Sunday, December 21, 2008

testing, testing, 123...

CUDA SDK provides a nice set of 20+ examples, some of which can also serve as benchmarks as constant heavy loads (run in many copies on a given gpu).

useful options: add --device=0 to command line in order to run most example programs on the gpu 0 (main one), --device=1 on gpu nr. 1 (slot nr 1, the furthest from cpu on my mobo), and so on.

bandwidth tests

~/cuda/bin/linux/release$ bandwidthTest --device={0,1,2,all} --memory={pageable,pinned}

very curiously, I once got this funny, misconfigured slot 3:
the size of data packet transferred is 33MB, about a minimum for best efficiency of transfers.
Host to Device Bandwidth for pinned memory
gpu 0: from cpu 5.2 GB/s PCIe: 1x16 (2.0) theor: <8GB/s
gpu 1: from cpu 5.7 GB/s PCIe: 1x16 (2.0) theor: <8GB/s
gpu 2: from cpu 0.79 GB/s PCIe: 1x4 (1.0)* theor: <1GB/s
* = as shown by nvidia-settings utility
inside the cards, the bandwidth is always as it should be: 128 GB/s or so!

the bandwidth between cpu and gpus in the slot _3 is intriguing. I have yet to understand why my third slot was configured as PCIe x4, not x16 during this test!

anyway, normal readings are now better. to achieve them, I have overclocked the PCI buses: slot 1,2 and 3, from automatic setting of 100MHz to, correspondingly, 115, 115, and 120 MHz, and the SPP-MCI comm speed from automatic 200 MHz to 240 MHz. I changed the latency timer of PCI to 100 from 128 CLK.
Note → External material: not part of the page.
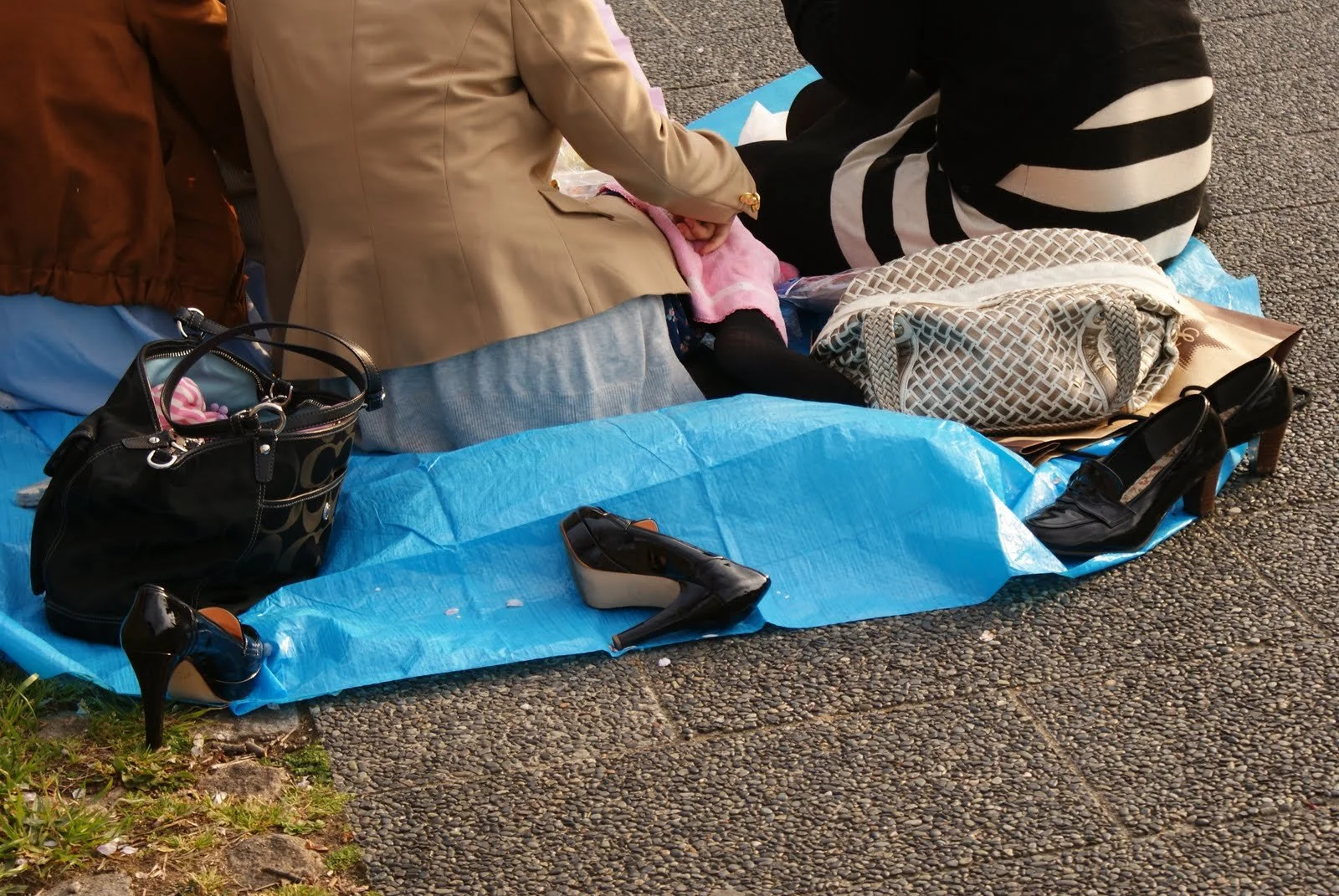Though it was a weekday, there were people having flower-viewing parties. (Shoes aren't usually left on the mat but it was a windy day.)

the size of data packet transferred is 33MB, about a minimum for best efficiency of transfers.
Host to Device Bandwidth for pinned memory
gpu 0: from cpu 5.874 GB/s, to cpu 5.875; PCIe: 1x16 (2.0) theor: <8GB/s
gpu 1: from cpu 5.875 GB/s, to cpu 5.876; PCIe: 1x16 (2.0) theor: <8GB/s
gpu 2: from cpu 2.075 GB/s, to cpu 2.017; PCIe: 1x16 (1.0)* theor: <4GB/s
gpu 0-2 cumulatively: from cpu 13.8 GB/s, to cpu 13.8 GB/s, internally 383 GB/s.
* = as shown by nvidia-settings utility
I must stress that, unless the benchmark is cheating, the troughput of the 3 cards is additive, i.e., they transfer data w/o mutual interference. the bandwidthTest shows cumulative throughput of 13.8 GB/s each way. [edit: yes, I think the benchmark is cheating.. but I wasn't able to run a concurrent bandwidth test with 3 cards.. :-( maybe the the cpu can't handle 14 GB/s concurrently.]

it is revealing to compare EVGA 790i nForce SLI FTW with the X58 motherboards from ASUS (P6T X58 deluxe) and Gigabyte (GA-EX58-extreme or UD5). The latter have 3 physical x16 slots just like the EVGA but unlike it, do not provide enough bandwidth to use them simultaneously: you can only use full (PCIe 2.0) x16 throughput on two first slots, and if you want to have a 3rd card, the second slot goes to x8. Thus, according to their documentation, they are WORSE than the EVGA board/chipset/cpu. well, it's sad. The ASUS Striker II Extreme board is a socket 775 board similar to my EVGA and from the documentation it seems to have very similar PCIe capabilities: two slots at full (2.0) x16 speed, one middle slot at (1.0) x16 speed.

thermal tests

the tests described above run ok. however, these workloads and PCI clock settings produce conditions close to a thermal instability of the motherboard.

temperatures depend a lot on applications. I ran a fluidsGL simulation of 'stable fluids'.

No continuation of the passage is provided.